Bupraxon (Tablets) Instructions for Use

Marketing Authorization Holder

Moscow Endocrine Plant FSUE (Russia)

ATC Code

N02AE01 (Buprenorphine)

Active Substances

Naloxone (Rec.INN registered by WHO)

Buprenorphine (Rec.INN registered by WHO)

Dosage Form

Bupraxon

Sublingual tablets 0.216 mg+0.222 mg: 10 or 20 pcs.

Dosage Form, Packaging, and Composition

Sublingual tablets round, biconvex, white in color.

Excipients: lactose monohydrate – 27.729 mg, mannitol – 18 mg, potato starch – 9 mg, povidone – 1.233 mg, crospovidone – 1.8 mg, citric acid monohydrate – 0.6 mg, magnesium stearate – 0.6 mg, colloidal silicon dioxide – 0.6 mg.

10 pcs. – contour cell packs (1) – cardboard packs.
10 pcs. – contour cell packs (2) – cardboard packs.
10 pcs. – contour cell packs (100) – cardboard boxes (for hospitals).
10 pcs. – contour cell packs (200) – cardboard boxes (for hospitals).
10 pcs. – contour cell packs (400) – cardboard boxes (for hospitals).

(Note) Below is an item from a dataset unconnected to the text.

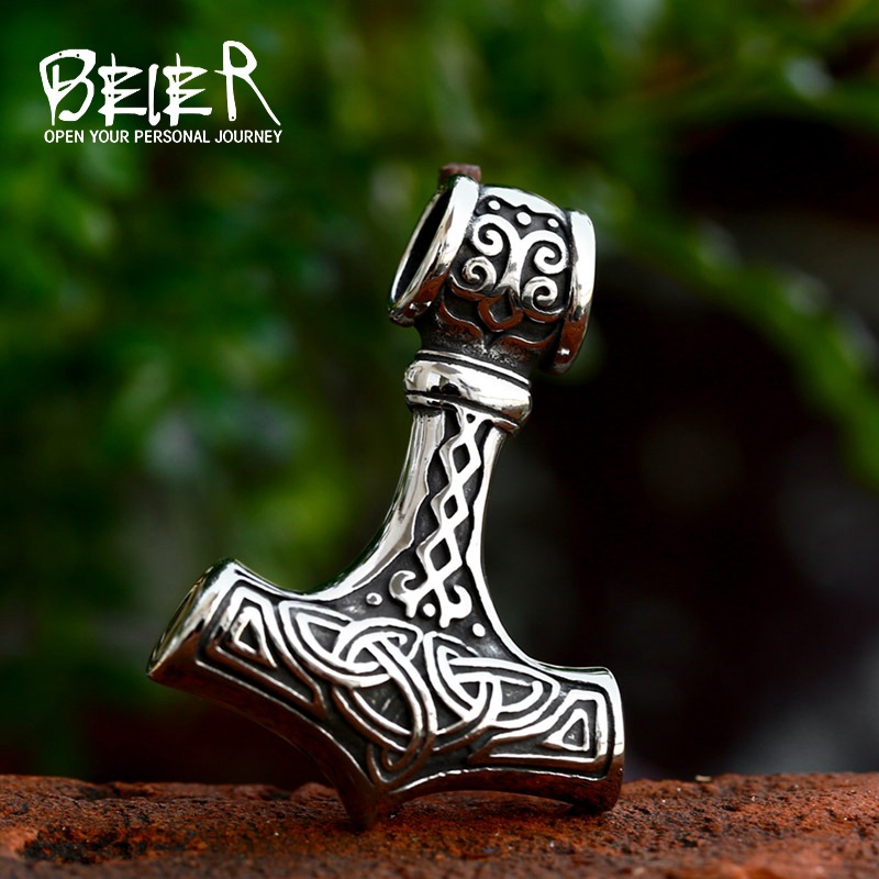 beier foreign trade Nordic Viking Celtic knot titanium steel pendant wholesale new stainless steel Thor hammer pendant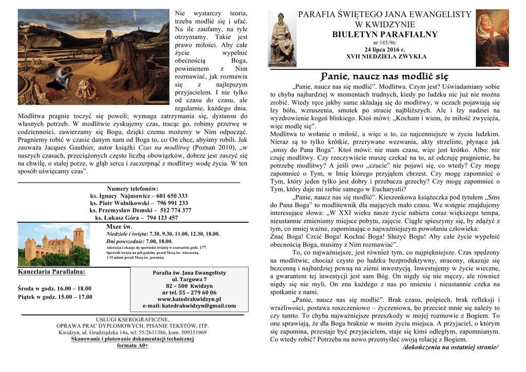 pobierz biuletyn - Parafia pw św. Jana Ewangelisty

Clinical-Pharmacological Group

Opioid analgesic

Pharmacotherapeutic Group

Narcotic analgesic agent

Pharmacological Action

Combined medicinal product. When used sublingually, the pharmacological action is determined by the buprenorphine contained in the preparation.

Buprenorphine is an opioid analgesic, a semi-synthetic derivative of thebaine. It is a partial agonist of the μ-opioid receptor subtype and a partial antagonist of the κ-opioid receptors. In equivalent doses, the severity of the analgesic effect is similar to morphine. As a partial agonist of opioid receptors, it depresses respiration, affects smooth muscle, although to a lesser extent than morphine and other opiates, and has a lower potential for developing physical dependence compared to them. At the same time, the activation of μ-opioid receptors determines a certain addictive potential of buprenorphine.

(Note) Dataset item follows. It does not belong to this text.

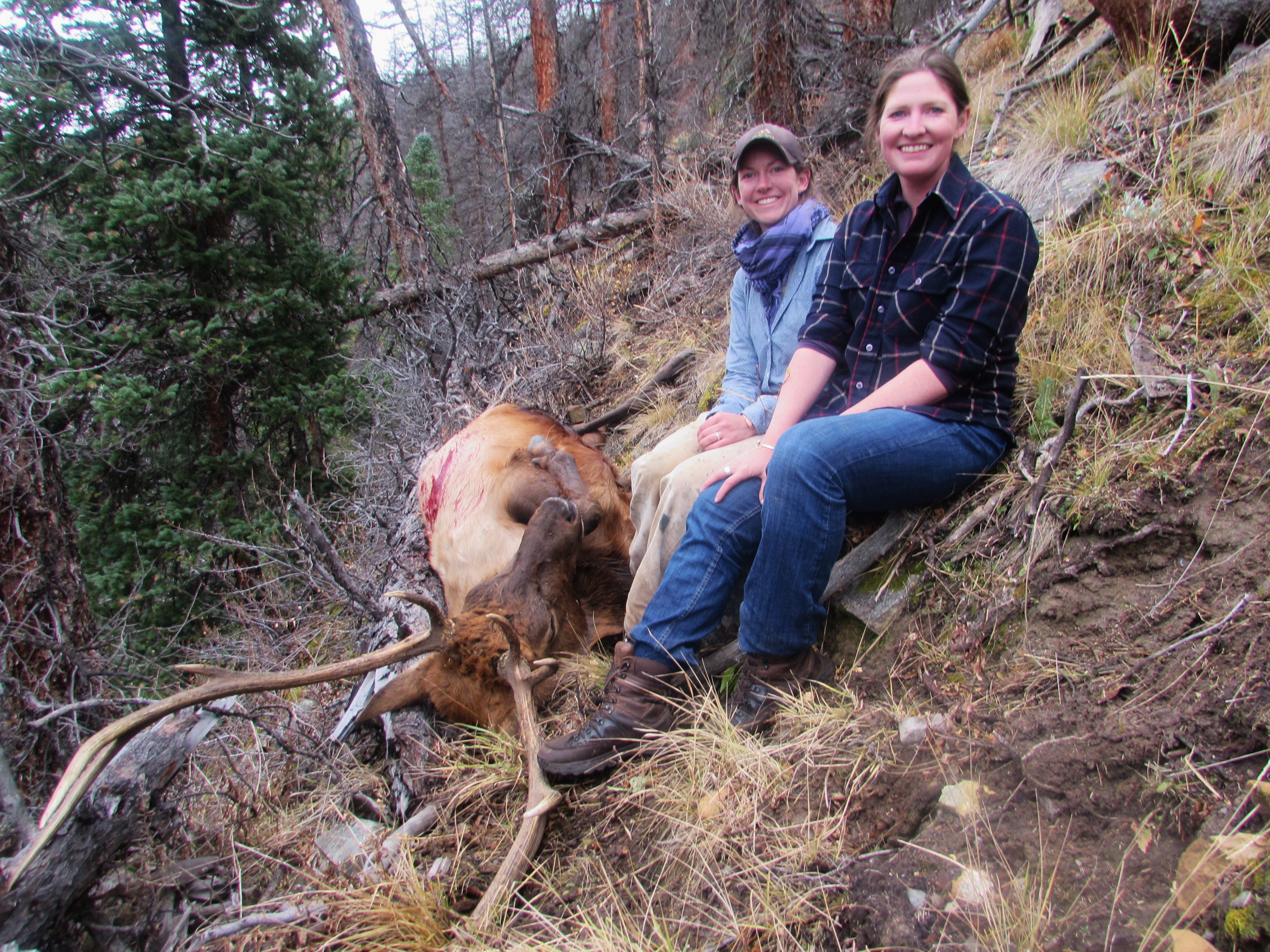 “Rita” I whisper.  “Rita” a bit louder.  “Rita, ELK” I rasp out.  She is looking thru her scope at the mountaintops, contemplating which snack she wants.  “Rita, ELK” I screech thru my teeth at her, at this point frantically snatching off my bino’s and camera so I can lie down for my shot.  This gets her attention and she sees the herd below, crossing the creek just underneath us.  5 or 6 cows out front and a good-size bull pushing them.  I plop, belly down, on the hillside.  I try to get my gun to my shoulder.  I can’t.  I strain, wiggle, grunt and shove but my coveralls, just a tad to small while riding, are like a straight-jacket when trying to stretch into a shooting position.  What should have been a half-dollar sized sight thru my scope, grew no larger than a dime.  I simply could stretch far enough.  The elk are beginning to climb the steep ridge opposite us.  I get the bull in my dime sized scope, hold, squeeze, BOOM.  He doesn’t move.  I jack another round in my gun, and BOOM.  Rita got a perfect shot, thru the lungs and he never went another step.  As I watched him drop then roll half way down the ravine I knew my sister had gotten her first elk.  It was awesome.

Naloxone is an opioid receptor antagonist. It effectively eliminates or reduces the effects of opiates and opioids. It restores breathing, reduces sedative and euphoric effects. It can cause opiate withdrawal syndrome if they were previously administered for pain relief or in drug-dependent people using opioid analgesics. The pharmacological effect develops only with parenteral (IV, IM, SC) administration. When administered sublingually, it practically does not enter the systemic circulation and has no effect.

Pharmacodynamic effects are absent. Naloxone exhibits practically no pharmacological activity when taken orally; the efficacy ratio of naloxone for oral and parenteral administration is 1:50.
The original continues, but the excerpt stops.